In the next step, we were interested in whether the outcome of AML patients improved in the NGS era. Therefore, we compared treatment outcomes to a cohort of 163 unselected, consecutive patients treated between 2002–2008 at our division. Of note, neither NGS nor molecularly targeted therapies were available at this time. Except for low-dose Ara‑C (LDAC), non-intensive AML treatment options were also not available. Therefore, for better comparison, we focused our analyses only on intensively treated patients receiving 7 + 3 based regimens ± allogeneic hematopoietic stem cell transplantation (allo-HSCT) and compared 167 patients treated between 2013–2023 with 163 cases treated between 2002–2008. We first compared overall survival (OS) and observed a significant elongation in patients treated between 2013–2023 (median survival 910 days for 2013–2023 vs. 371 days for 2002–2008; P = 0.002; Fig. 3a) with a hazard ratio (HR) of 0.65 (95% confidence interval, CI 0.49–0.86). When searching for potential reasons behind improved OS in the 2013–2023 cohort, descriptive statistics revealed an increased rate of allografting and a higher rate of complete remissions (CR)/CR with incomplete count recovery (CRi) to first line therapy within these patients, while all other factors assessed (age, sex, white blood cell count, WBC, peripheral blood, PB, blasts and lactate dehydrogenase, LDH) were similarly distributed between the groups (Supplementary Table 2). Importantly, allo-HSCT and CR/CRi to first line therapy were associated with prolonged survival in univariable analyses and remained independent significant factors in multivariable models (Supplementary Table 3). Hence, these data suggest that the better survival in the 2013–2023 cohort is mainly mediated through a higher transplantation frequency and a better treatment response to first line regimens. Interestingly, the median age at transplantation was also higher in the 2013–2023 cohort (2002–2008: median 46 years, range 18–68 years; 2013–2023: median 56 years, range 19–71 years; P < 0.001), reflecting the clinical experience that allo-HSCT is more often offered to older patients nowadays. We did not have sufficient information on the cytogenetic analyses in the 2002–2008 cohort, precluding comparison of specific karyotype-defined risk groups between the 2002–2008 and 2013–2023 cohorts.

Fig. 3figure 3

Comparison between the NGS-era (2013–2023) and the pre-NGS era (2002–2008). a Comparison of overall survival between patients treated with intensive chemotherapy (ICT). b Cumulative CR/CRi rates in patients treated with ICT between 2002–2008 and 2013–2023. Results of multivariable analyses are displayed in Supplementary Table 3

Progress in AML treatment

Our data reveal increased use of allo-HSCT and higher rates of CR/CRi after first line therapy as major determinants of improved survival in recent times. Considering higher response rates to first line therapy, it could be hypothesized that this is caused by the advent of novel and molecularly targeted drugs that can be applied after NGS-based molecular characterization. To elaborate on this topic, we performed exploratory analyses studying potential effects of selected novel substances in the 2013–2023 cohort.
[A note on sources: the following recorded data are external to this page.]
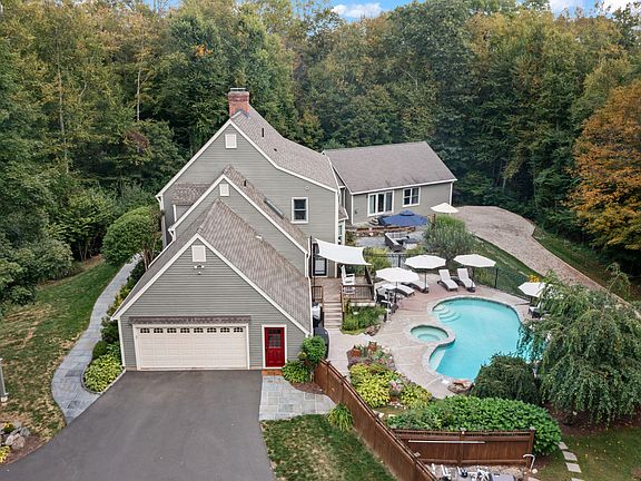 Welcome to 46 Nod Hill Road - an exceptional property that blends timeless farmhouse charm with modern updates designed to impress. Set on a private 2+ acre lot within a desirable cul-de-sac neighborhood, this impeccably cared-for home offers generous space for entertaining while comfortably accommodating family and guests. The main residence features 4 bedrooms, 2.5 baths, 3 fireplaces, a brand-new chef's kitchen with Wolf and Sub-Zero appliances, and an open, sun-filled floor plan. Connected by a breezeway, the in-law/rental apartment adds versatility with 2 bedrooms, 2 full baths, its own fireplace, a finished walkout basement, and a private garage-ideal for extended family, guests, or rental income. Outdoors, the property lives like a private resort. A heated saltwater pool takes center stage, framed by stone patios, a hot tub, and lush gardens. Multiple seating areas create inviting spaces for quiet evenings or lively gatherings. A detached barn with electricity, heat/AC, and WiFi expands the possibilities-currently a gym, it can easily serve as a studio, office, or creative space. Every detail reflects thoughtful design, combining comfort, style, and privacy. From morning coffee in the new kitchen to sunset swims by the pool, this is a home built for living beautifully every day.
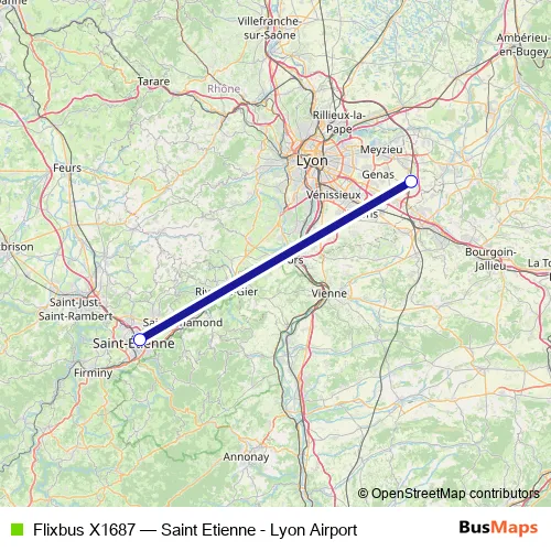 Click here to view the nearest Flixbus X1687 - Saint Etienne - Lyon Airport bus stop.
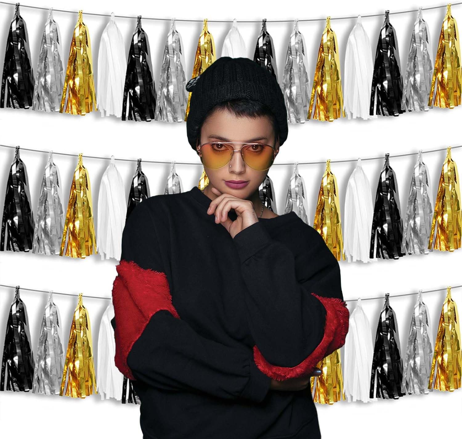 - 【Multiple Colors】Pair with metallic foil fringe garland of different colors to achieve the color combination you want. Show off your creativity by pairing this gold foil wall hanging banner with other garland in different colors to fulfill your dream of creating the perfect party scene.
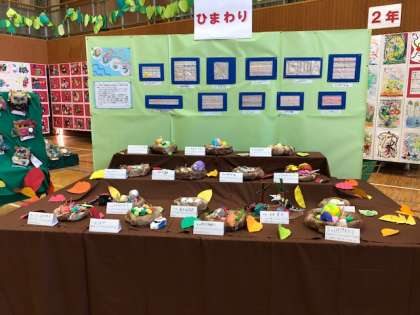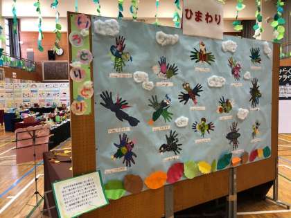 体育館を入るとすぐ、ひまわり学級の作品が展示されています。自分の手形を羽に見立てた鳥、紙粘土で作ったたまご、根気強く取り組んだ刺繍をご覧ください!
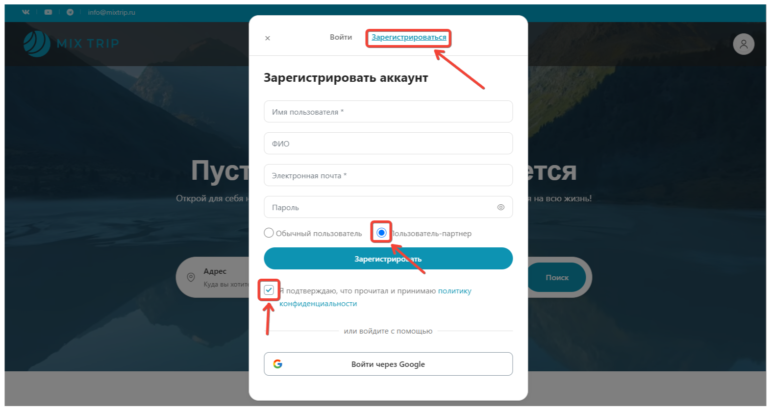 • Регистрируетесь, выбираете отметку пользователь-партнер. Соглашаетесь с политикой конфеденциальности.

Midostaurin is a FLT3 inhibitor and is nowadays added to 7 + 3-based ICT in FLT3 mutated AML patients [8]. It was licensed by the EMA in 2017; therefore, the 2013–2023 cohort comprises FLT3-mutated patients treated with and without the addition of midostaurin (n = 13 patients ICT + midostaurin vs. 38 patients ICT only). When comparing the OS between these groups, patients treated with ICT and adding midostaurin had a significantly better survival (median survival 427 days for ICT vs. median survival not reached for ICT + midostaurin; P = 0.038; Fig. 4a). This improved outcome correlated with higher response rates to this therapy (first line CR/CRi rates 11/13, 85% for ICT + midostaurin vs. 19/38, 50% for ICT only; P = 0.048; Fig. 4b). Statistical significance got lost after censoring for allo-HSCT (median survival 126 days for ICT vs. 139 days for ICT + midostaurin; P = 0.0835; Fig. 4c); however, it has to be noted that the vast majority of FLT3-mutated patients were allografted in CR1 at our division.

Fig. 4figure 4

Addition of novel substances to ICT. Comparison of overall survival between patients treated with intensive chemotherapy (ICT) ± midostaurin (a, Mido) and ± gemutuzumab ozogamicin (d, GO). Comparison of overall survival censored for allogeneic hematopietic stem cell transplantation (allo-HSCT) between patients treated with ICT ± Mido (b) and ± GO (e). Cumulative CR/CRi rates in ICT-treated patients ± Mido (c) and ± GO (f)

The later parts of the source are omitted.